▸ WHAT IS EXPECTED: Set down the full listing exactly as given. Any pictures are to be left out.

◆ ◆ ◆ ◆ ◆ ◆ ◆

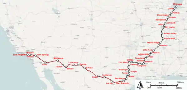 On a thrice-weekly basis, a coach and sleeping car operate from Chicago through San Antonio to Los Angeles (as Train #421/422), in conjunction with the Sunset Limited.[17]
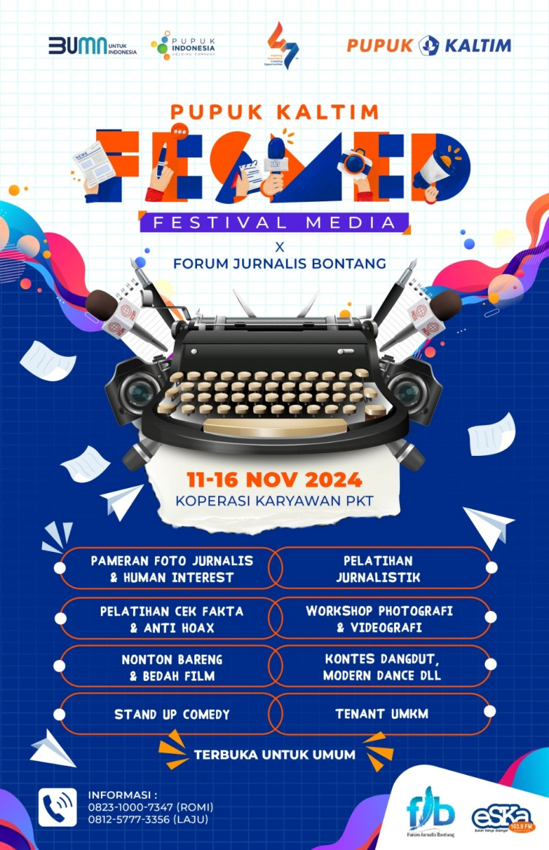 TIMUR. Festival Media (Fesmed) Pupuk Kaltim bakal hadir di Kota Bontang 11-16 November 2024 di Gedung Koperasi Karyawan PKT.
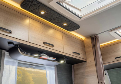 Het meubilair is doordachtig en keurig uitgevoerd. Details en robuuste bouwwijze zorgen voor een langdurig leven van de caravan.
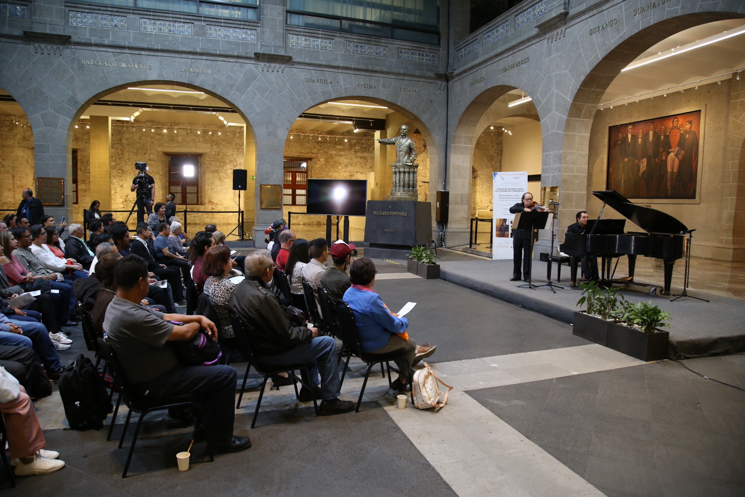Manuel Ramos y Carlos Salmerón tocan piezas de Beethoven, Halffter, Enríquez, Rosas, Martínez, Manzanero y Lara Como parte de su agenda cultural, el Senado de la República recibió al violinista...
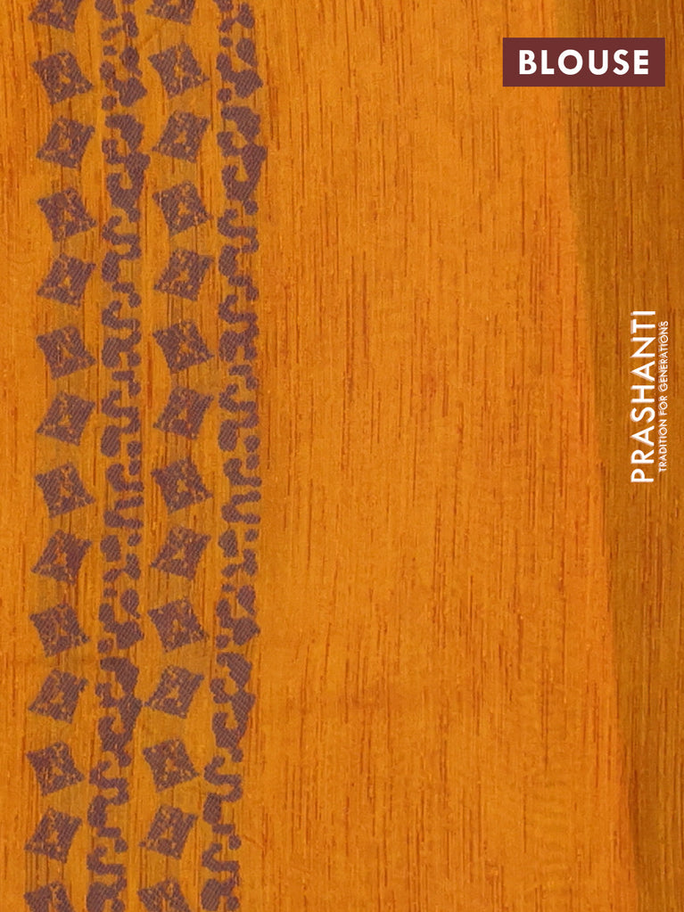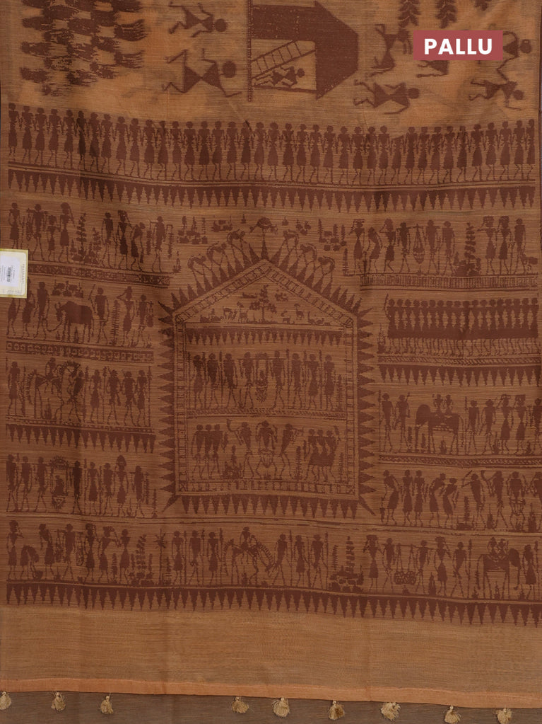 Banarasi semi matka saree dark sandal with allover warli design thread weaves in borderless style
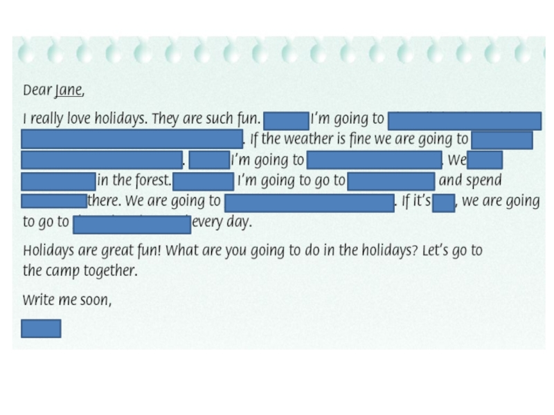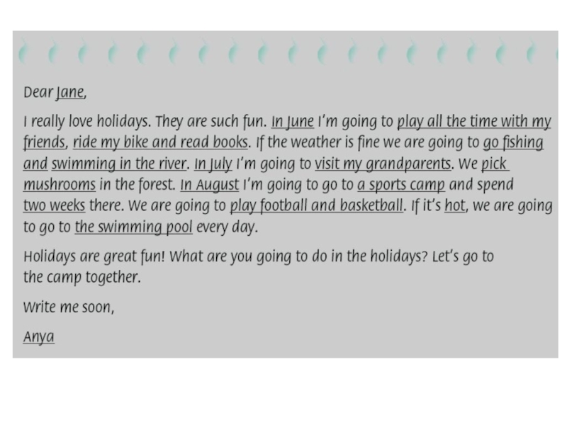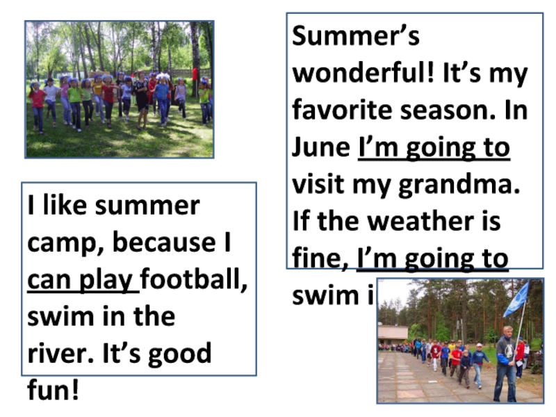 Summer’s wonderful! It’s my favorite season. In June I’m going to visit my grandma. If the weather is fine, I’m going to swim in the river.
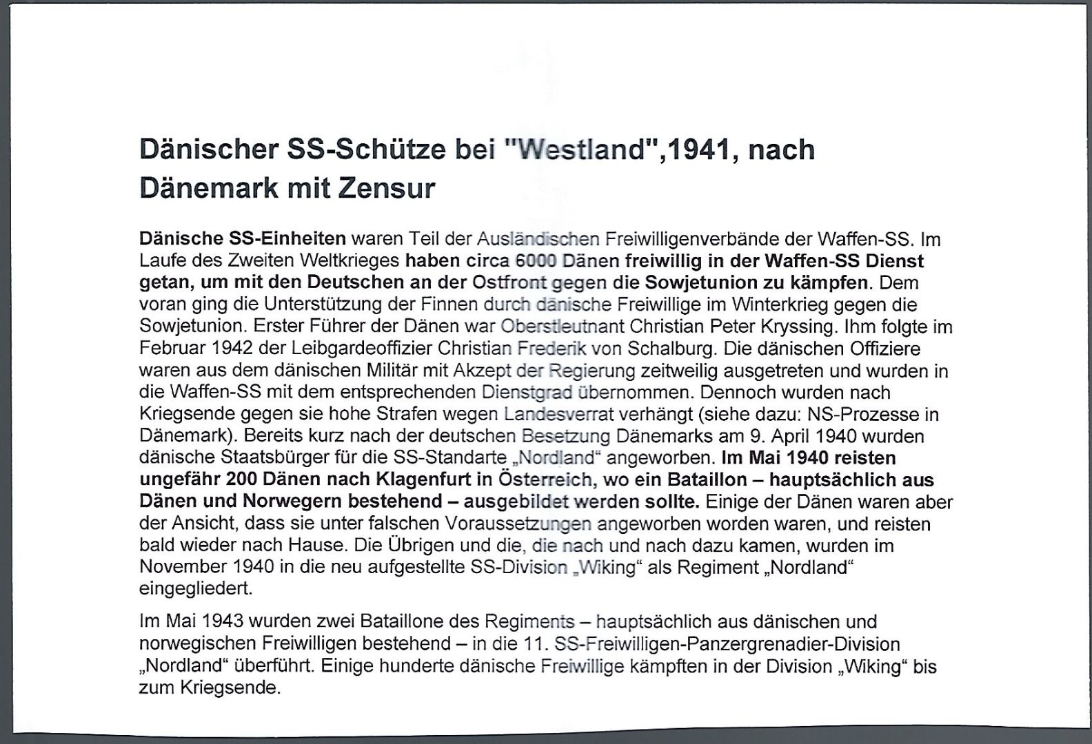 Feldpost Dänischer SS-Schütze „Westland“ 1941, Zensur
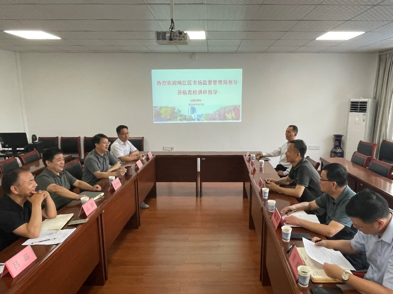 本网讯7月17日,芜湖市鸠江区市场监督管理局局长曹立群一行五人来我校调研食堂食材采购与分析智慧监管系统运行情况,后勤党总支书记张开炳、后勤保障处处长李敬华、副处长高潮、膳食服务中心工作人员及部分食堂负责人参加了交流会。
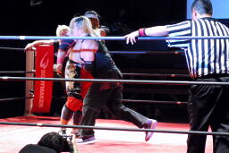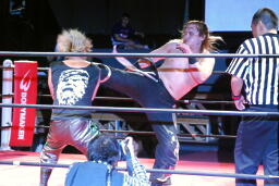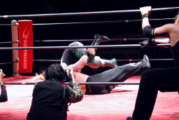 真霜ロープに飛ぶ、ウラノはレフェリーを引っ張り込んで真霜を止め、延髄蹴り(左写真)。
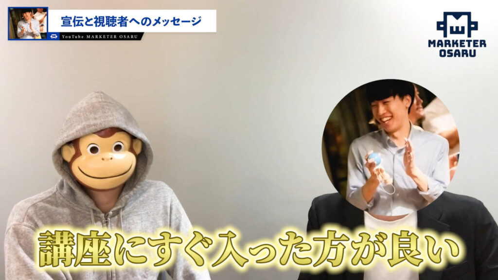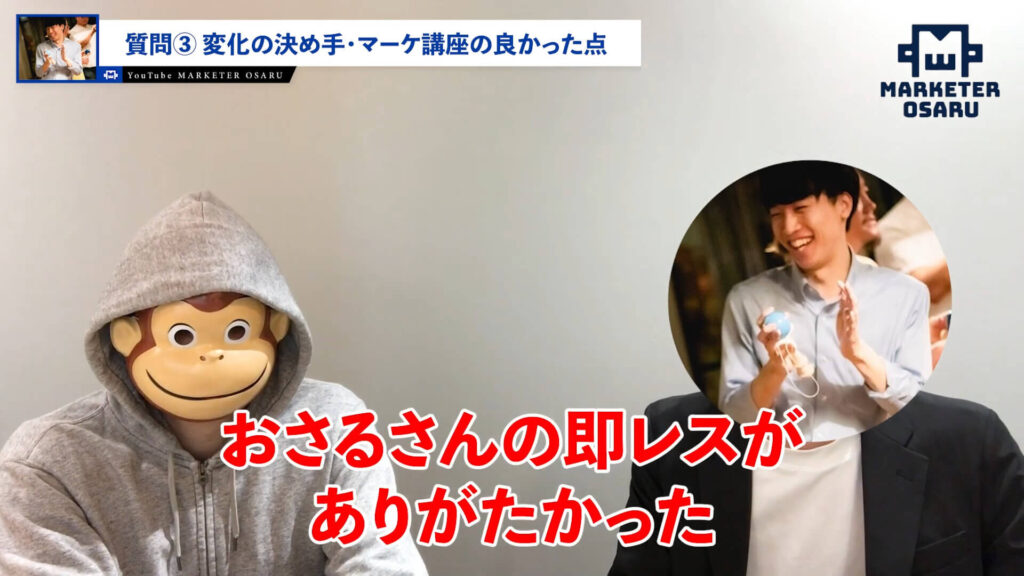 おさる:それで講座に来てくれたと。ちなみに、そのときなぜ僕の講座を選んでくれたんですか?

◆ ◆ ◆ ◆ ◆ ◆ ◆

▸ TASK SOLUTION:
 On a thrice-weekly basis, a coach and sleeping car operate from Chicago through San Antonio to Los Angeles (as Train #421/422), in conjunction with the Sunset Limited.[17]
 TIMUR. Festival Media (Fesmed) Pupuk Kaltim bakal hadir di Kota Bontang 11-16 November 2024 di Gedung Koperasi Karyawan PKT.
 Het meubilair is doordachtig en keurig uitgevoerd. Details en robuuste bouwwijze zorgen voor een langdurig leven van de caravan.
Manuel Ramos y Carlos Salmerón tocan piezas de Beethoven, Halffter, Enríquez, Rosas, Martínez, Manzanero y Lara Como parte de su agenda cultural, el Senado de la República recibió al violinista...
 Banarasi semi matka saree dark sandal with allover warli design thread weaves in borderless style
 Summer’s wonderful! It’s my favorite season. In June I’m going to visit my grandma. If the weather is fine, I’m going to swim in the river.
 Feldpost Dänischer SS-Schütze „Westland“ 1941, Zensur
 本网讯7月17日,芜湖市鸠江区市场监督管理局局长曹立群一行五人来我校调研食堂食材采购与分析智慧监管系统运行情况,后勤党总支书记张开炳、后勤保障处处长李敬华、副处长高潮、膳食服务中心工作人员及部分食堂负责人参加了交流会。
 真霜ロープに飛ぶ、ウラノはレフェリーを引っ張り込んで真霜を止め、延髄蹴り(左写真)。
 おさる:それで講座に来てくれたと。ちなみに、そのときなぜ僕の講座を選んでくれたんですか?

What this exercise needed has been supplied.